*** Dataset content Section Begins ***

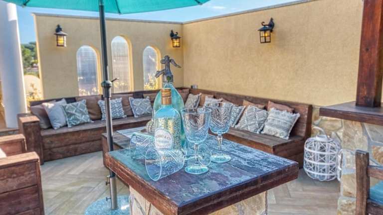 Die Villa ist ausgestattet mit 8 Schlafzimmern, 3 Badezimmern sowie Bettwäsche und Handtüchern. Ein TV, eine voll ausgestattete Küche sowie eine Terrasse mit Bergblick sind ebenfalls vorhanden.
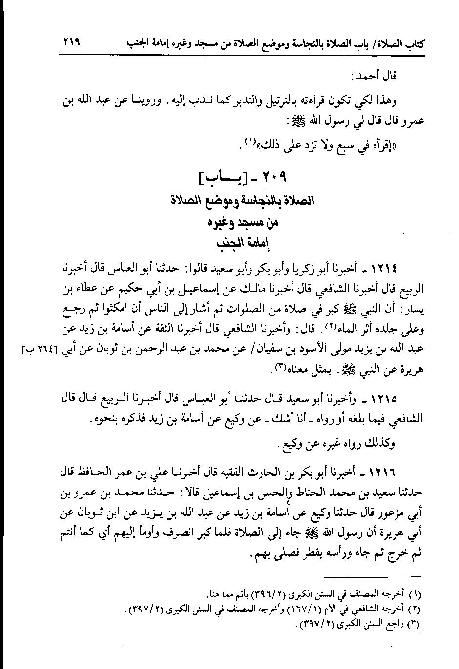 209 - باب الصلاة بالنجاسة وموضع الصلاة من مسجد وغيره إمامة الجنب
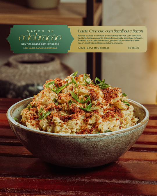 Batatas cozidas envolvidas em maionese da casa, com bacalhau desfiado, bacon crocante, toque de mostarda, salsinha e orégano. Finalizada com cebolinha fresca, pimenta biquinho e farofa de bacon, que traz um elegante sabor defumado.
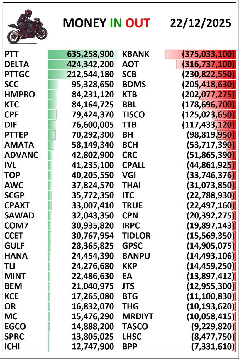 💸MONEY 🟢IN 🔴OUT 1 , 5 , 10 วันย้อนหลัง 22/12/2025
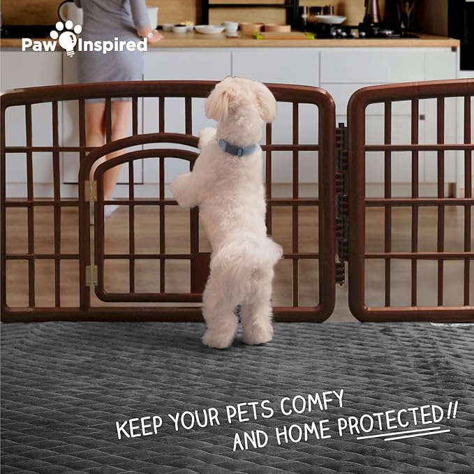 Paw Inspired 80x50 Inch Playpen Mat, Super Absorbent Fleece Cage Liner with Non-Slip Bottom, Waterproof Pet Play Pen Pad for Dogs, Rabbits, Guinea Pigs, Hamsters, Small Animals (Dark Gray)
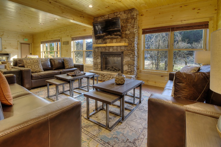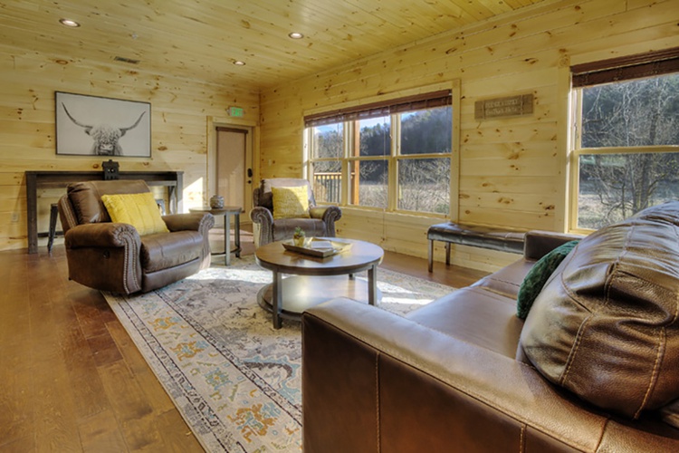 - Relaxation Amenities: Unwind in one of the two bubbling hot tubs on the covered porches, or relax in the rocking chairs while taking in the lush wooded park-style views.
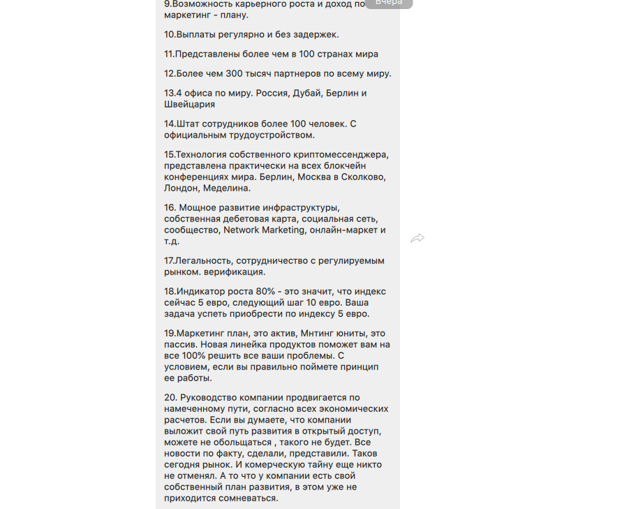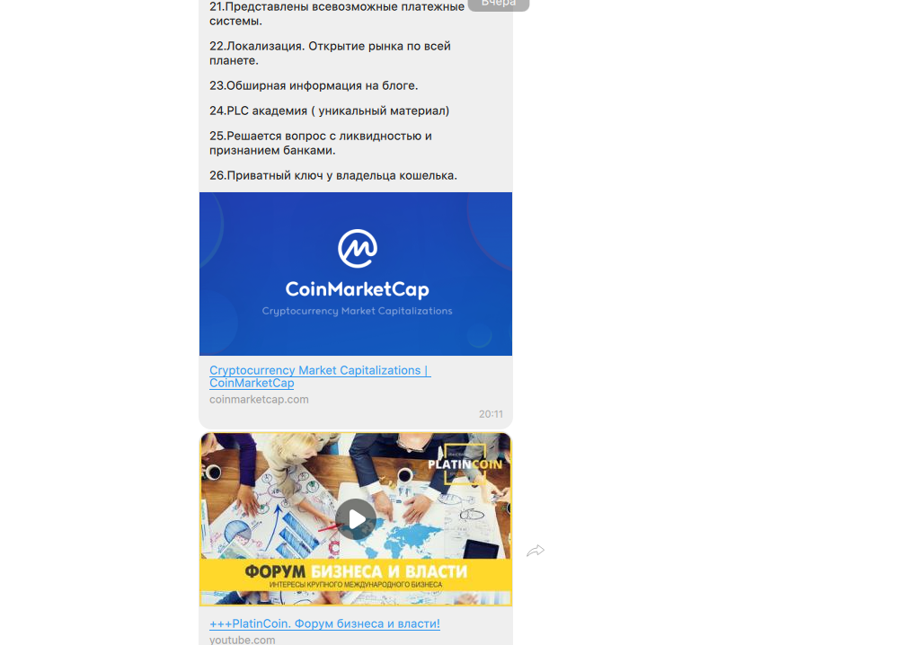 Тяжелая артиллерия в виде тонны ссылок на всякие вебинары, семинары, рекламные ролики и вдохновляющие речи успешного руководства заставила меня замолчать на сутки. Почуяв неладное, Анна выудила из закромов убийственный аргумент, метровый гвоздь в дощатую крышку моих сомнений. Список из 26 аргументов, почему Platincoin — это хорошо. Стабильность там, блокчейн, выход на биржи, рефералочка, 100 человек в штате и 300 тысяч партнеров по всему миру, умный директор и все такое прочее.
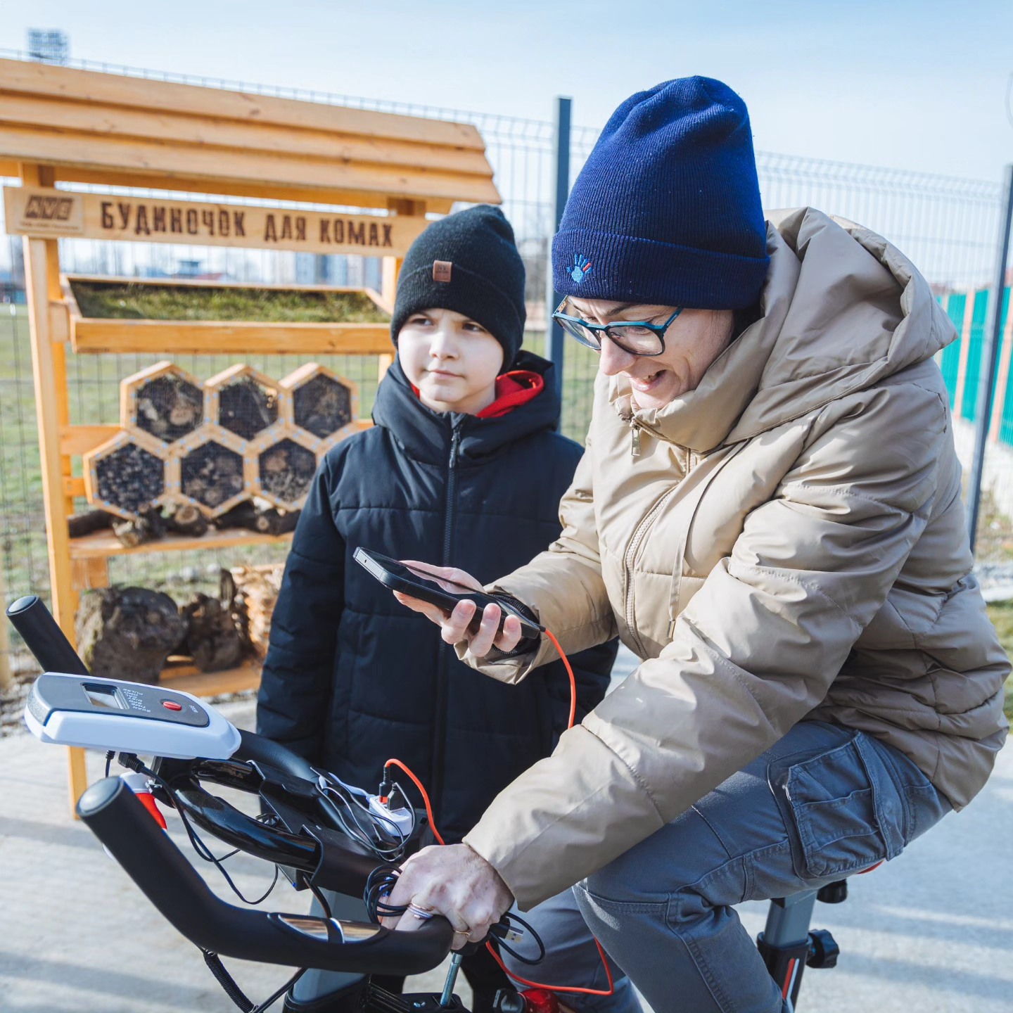 встановлено ековелосипед, за допомогою якого можна підзарядити пристрої, крутячи педалі
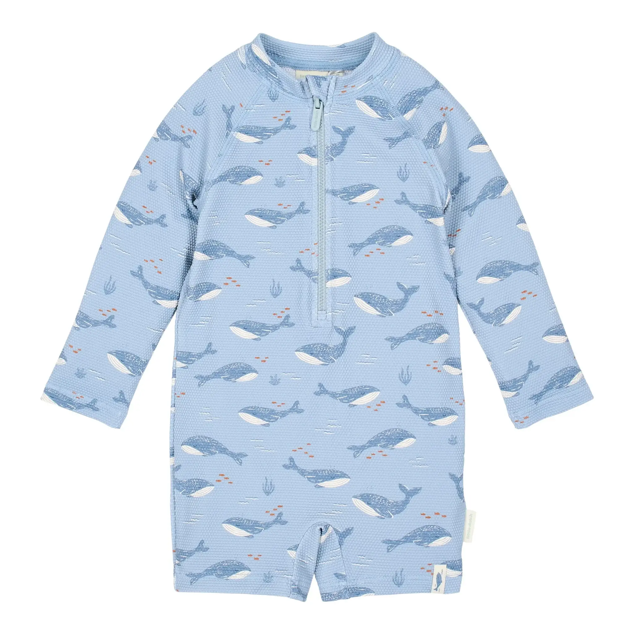 La cremallera larga facilita poner y quitar el traje de baño, incluso cuando tu hijo está mojado y lleno de arena.
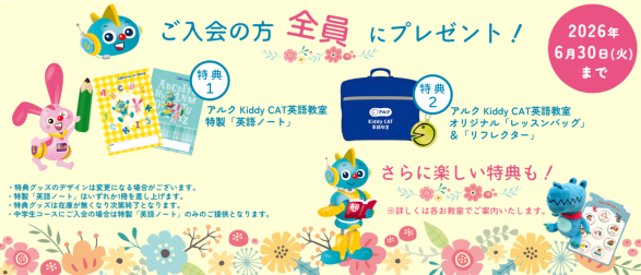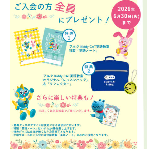 ※他のアルクKiddyCAT英語教室でも同様の特典がある場合もあります。 ※当教室の特典を受けるには、当教室のお申し込みフォームから体験レッスン  をお申し込みください。

*** Dataset content Section Ends ***

Copy out nothing but the lines from the beginning of the records through the one that contains "Тяжелая артиллерия в". Skip the pictures.

 Die Villa ist ausgestattet mit 8 Schlafzimmern, 3 Badezimmern sowie Bettwäsche und Handtüchern. Ein TV, eine voll ausgestattete Küche sowie eine Terrasse mit Bergblick sind ebenfalls vorhanden.
 209 - باب الصلاة بالنجاسة وموضع الصلاة من مسجد وغيره إمامة الجنب
 Batatas cozidas envolvidas em maionese da casa, com bacalhau desfiado, bacon crocante, toque de mostarda, salsinha e orégano. Finalizada com cebolinha fresca, pimenta biquinho e farofa de bacon, que traz um elegante sabor defumado.
 💸MONEY 🟢IN 🔴OUT 1 , 5 , 10 วันย้อนหลัง 22/12/2025
 Paw Inspired 80x50 Inch Playpen Mat, Super Absorbent Fleece Cage Liner with Non-Slip Bottom, Waterproof Pet Play Pen Pad for Dogs, Rabbits, Guinea Pigs, Hamsters, Small Animals (Dark Gray)
 - Relaxation Amenities: Unwind in one of the two bubbling hot tubs on the covered porches, or relax in the rocking chairs while taking in the lush wooded park-style views.
 Тяжелая артиллерия в виде тонны ссылок на всякие вебинары, семинары, рекламные ролики и вдохновляющие речи успешного руководства заставила меня замолчать на сутки. Почуяв неладное, Анна выудила из закромов убийственный аргумент, метровый гвоздь в дощатую крышку моих сомнений. Список из 26 аргументов, почему Platincoin — это хорошо. Стабильность там, блокчейн, выход на биржи, рефералочка, 100 человек в штате и 300 тысяч партнеров по всему миру, умный директор и все такое прочее.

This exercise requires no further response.